SPE #2 performed very well, weighing 96 g/100 ml and 100 g/100 ml at 0.2 and 0.1% use levels, respectively, after shearing 1 minute at 2800 rpm using a dissolver blade. Little to no pinholing was observed when spray applied. The control without a foam-control agent weighed 56 gms/100ml, and spray-applied film showed some surface craters. (See Figure 6)

Conclusions

Silicone-based antifoams have progressed markedly since the first use of PDMS fluids in solventborne coatings and inks. Keeping pace with formulation changes and environmental drivers, silicone antifoams have evolved to comprise a variety of delivery systems and polymer types to meet the specific requirements of diverse formulations. For waterborne coatings and inks, the product offerings have been expanded to include novel silicone polyether-based antifoams that offer effective foam control balanced against ease of incorporation and good coated surface appearance in several coating and ink systems. As coating formulators are aware, no “universal” foam-control agent has been developed to date, therefore, the authors of this paper respectfully suggest any foam-control agent be evaluated in a particular formulation for suitability.

This paper was presented at the 7th Nurnberg Congress, European Coatings Show, Nurnberg, Germany.
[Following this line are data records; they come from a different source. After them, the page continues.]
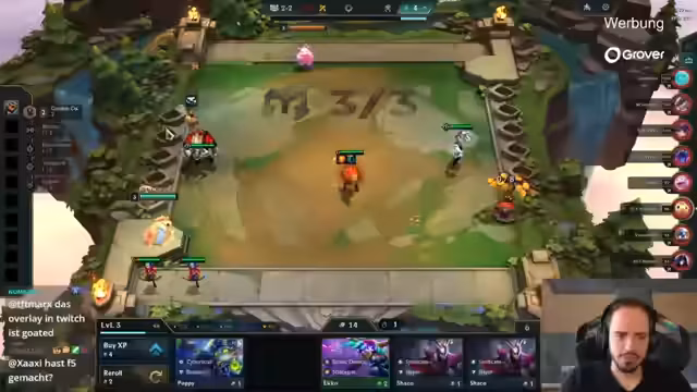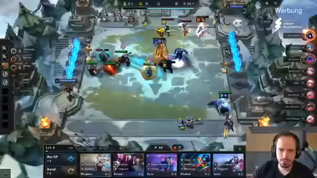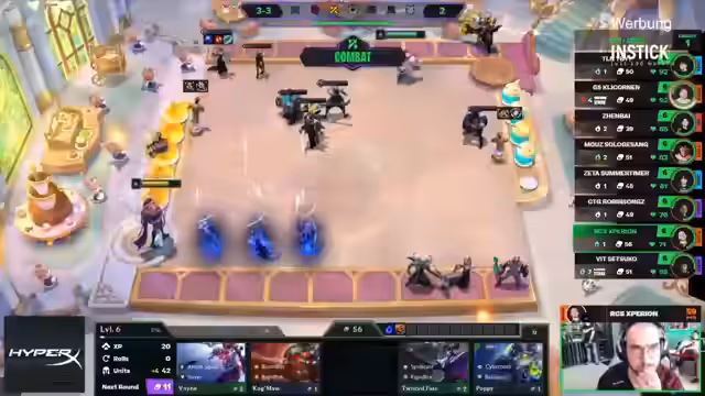 02:38:44Die Lobby wird vorgestellt, in der nur noch die Top 16 nach Runde 10 im Wettkampf verbleiben. Volta und Lloris stehen mit schlechten Plätzen (21 bzw. 23) unter enormem Druck und müssen stark performen, um auszuscheiden. Volta startet eine aggressive Double LeBlanc-Komposition, während Lyris den risikoreichen Cashout nutzt, um in die Startrunde 3-5 zu rollen und eine starke Komposition aufzubauen. Die Situation ist für alle vier Europäer extrem prekär.
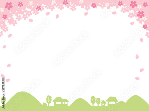 © ゆりゆりのゆり, Obraz premium かわいい桜と田舎町の春フレーム
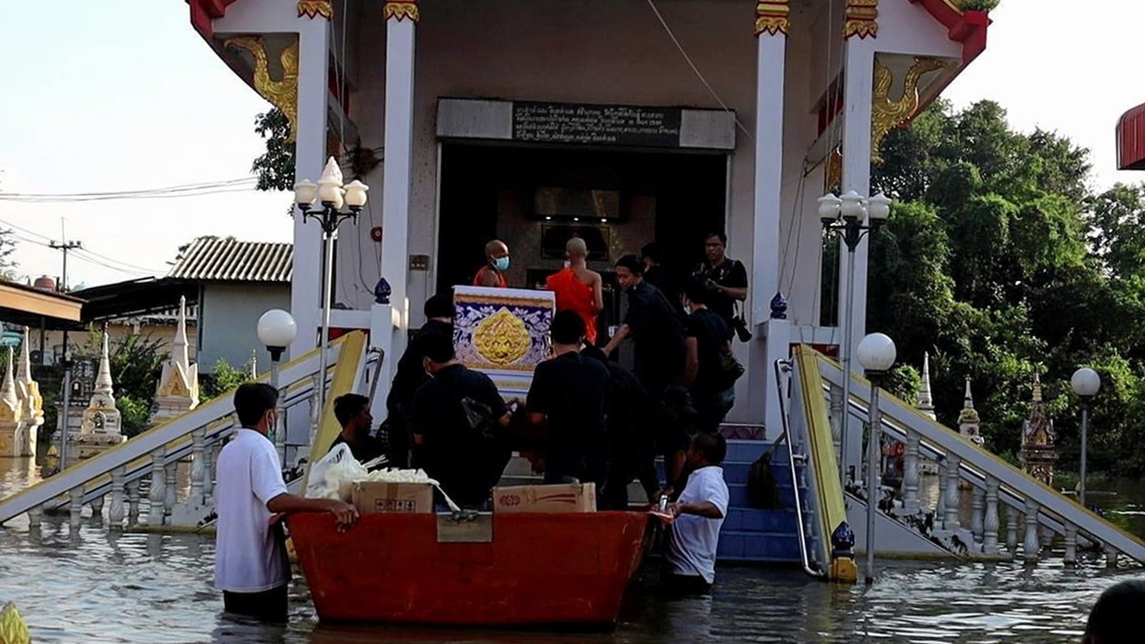 ญาติช่วยกันยกโลงศพนายสำเนา สุขเลิศกิข อายุ 81 ปี ออกจากเรือท้องแบนขึ้นเมรุไปประกอบพิธีเผาศพ ที่วัดพิกุลโสคันธ์ อ.บางบาล จ.พระนครศรีอยุธยา กันอย่างทุลักทุเล หลังน้ำท่วมขังมากว่า 3 เดือน ชาวบ้านใช้ชีวิตอย่างลำบาก.
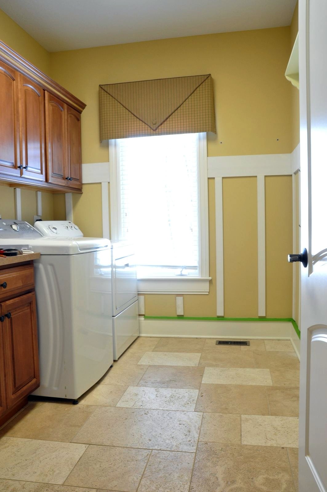 While I love the look of board and batten, I must say, of all rooms in the house, I think I loathe painting the laundry room the most. I become “Crouching Mother, Hidden Painter” working behind the washer and dryer, but there is just no easy way around it. (Especially since I didn’t think to do it before we moved in. When the room was empty.)

For more information, contact Donna Perry, Dow Corning Ltd., Cardiff Road, Barry, South Glamorgan, CF63 2YL,United Kingdom; phone + 44 1446 723805; fax +44 1446 730495; or e-mail donna.perry@dowcorning.com.

Acknowledgements

Jianren Zeng is a product-development specialist for Dow Corning, and Ginny O’Neil is a technical service specialist with Dow Corning. The authors also wish to thank Takahiro Miura, Keiichi Akinaga, Eiichi Kitaura, Atsushi Kasamatsu and Tsunehito Sugiura at Dow Corning Asia for their valuable contribution to this work.

References

1 Hill, R.M.; Fey, K.C. Silicone Surfactants, Hill, R.M., Ed.; Marcel Dekker, Inc., New York, NY 1999, p. 165.

2 Garrett, P.R. Defoaming: Theory and Industrial Applications, Garrett, P.R., Ed.; Vol. 45, Surfactant Science Series Marcel Dekker, New York, 1993.

Porter, M.R. Handbook of Surfactants, Blackie & Son Ltd, Chapman & Hall, New York, NY 1991, p.38.